Costacurta sul crollo del Milan: "Una o due partite sbagliate possono essere casuali, ma dieci no. Qualcosa si è rotto tra la squadra e Allegri"

Costacurta sul crollo del Milan: "Una o due partite sbagliate possono essere casuali, ma dieci no. Qualcosa si è rotto tra la squadra e Allegri"MilanNews.it
L'ex rossonero Alessandro Costacurta ha commentato il crollo finale del Milan di Allegri. Qualcosa si è rotto tra squadra e tecnico

Alessandro Costacurta, ex difensore rossonero, ha rilasciato una lunga intervista alla Gazzetta dello Sport nella quale ha commentato così il crollo finale del Milan di Max Allegri: "Una o due partite sbagliate possono essere casuali, ma dieci no.

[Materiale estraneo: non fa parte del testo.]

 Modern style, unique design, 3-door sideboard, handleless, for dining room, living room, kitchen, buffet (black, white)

A maggior ragione certe sconfitte casalinghe, con un obiettivo a portata di mano. E’ un indice chiaro del fatto che si sia creato qualcosa di sbagliato, di rotto tra squadra e allenatore. Colpa di tutti ma, per me, chi va in campo è sempre il primo responsabile. L’idea che mi sono fatto da fuori è che si sia formato un gruppo di bravi ragazzi ma senza la personalità necessaria per competere per certi traguardi. 

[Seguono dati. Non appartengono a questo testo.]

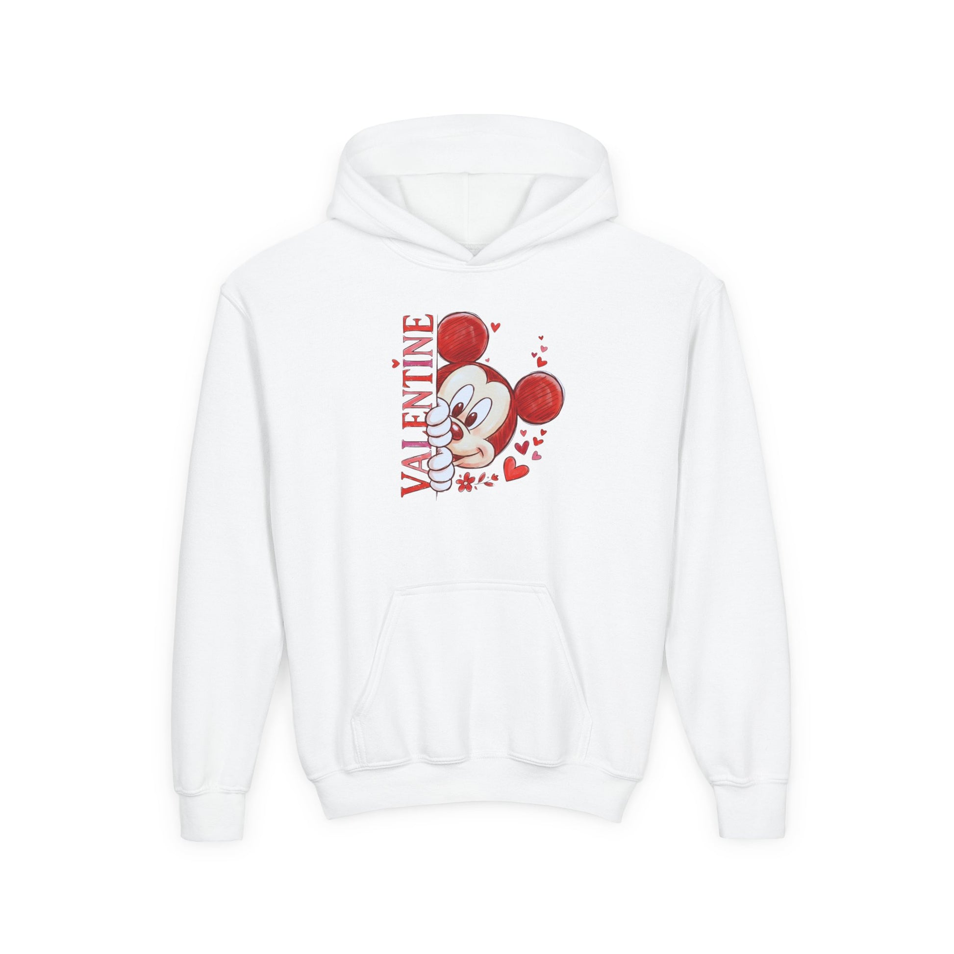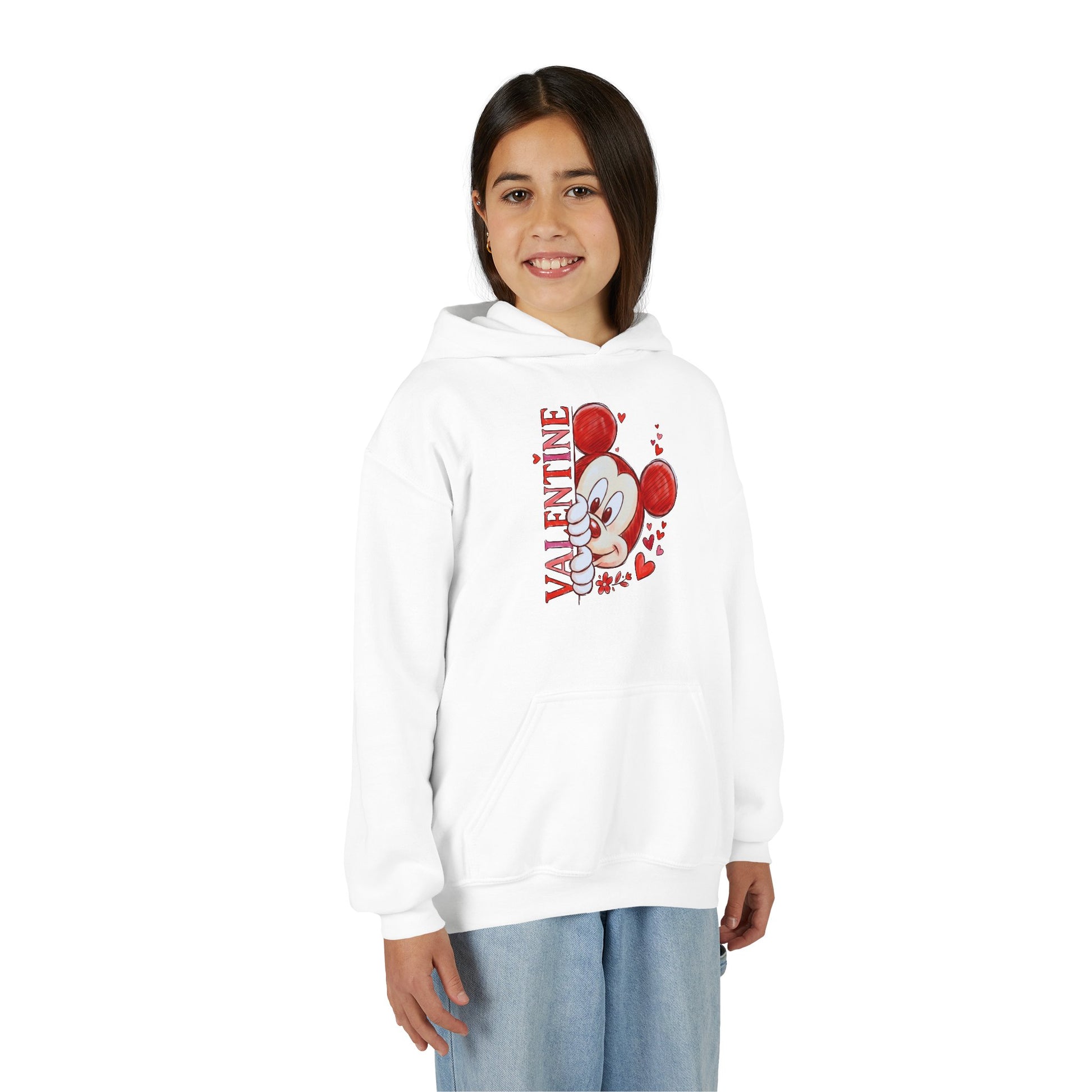Valentine’s Cute Mouse Youth Hoodie - 'Valentine' Heart Graphic

Possibile però che un allenatore esperto come Max Allegri non sia stato capace di invertire la rotta? La penso come Carletto Ancelotti, il più bravo di tutti: un allenatore incide sì, ma fino a un certo punto. Poi tocca ai giocatori. O, ancora meglio, distinguiamoli dai 'calciatori'. Per giocare a calcio serve una buona tecnica e di gente con grande qualità il Milan ne aveva sicuramente. Poi però servono i calciatori a 360°, dentro e fuori dal campo, i Rabiot, i Modric. Ci sono episodi che dimostrano uno spessore. Un esempio della scorsa stagione: quante volte Maignan, il capitano della squadra, ha portato in campo i compagni in ritardo? Che fosse l’inizio della partita o l’avvio della ripresa? Se è stato fatto volontariamente è una pochezza, se involontaria è ancora peggio: finisci solo per innervosire gli altri e l’arbitro. Il capitano del Milan è anche un esempio di stile e di puntualità. I dettagli che fanno la differenza sonoaltri: l’attenzione, le marcature, il sacrificio. Il resto sono solo bassezze".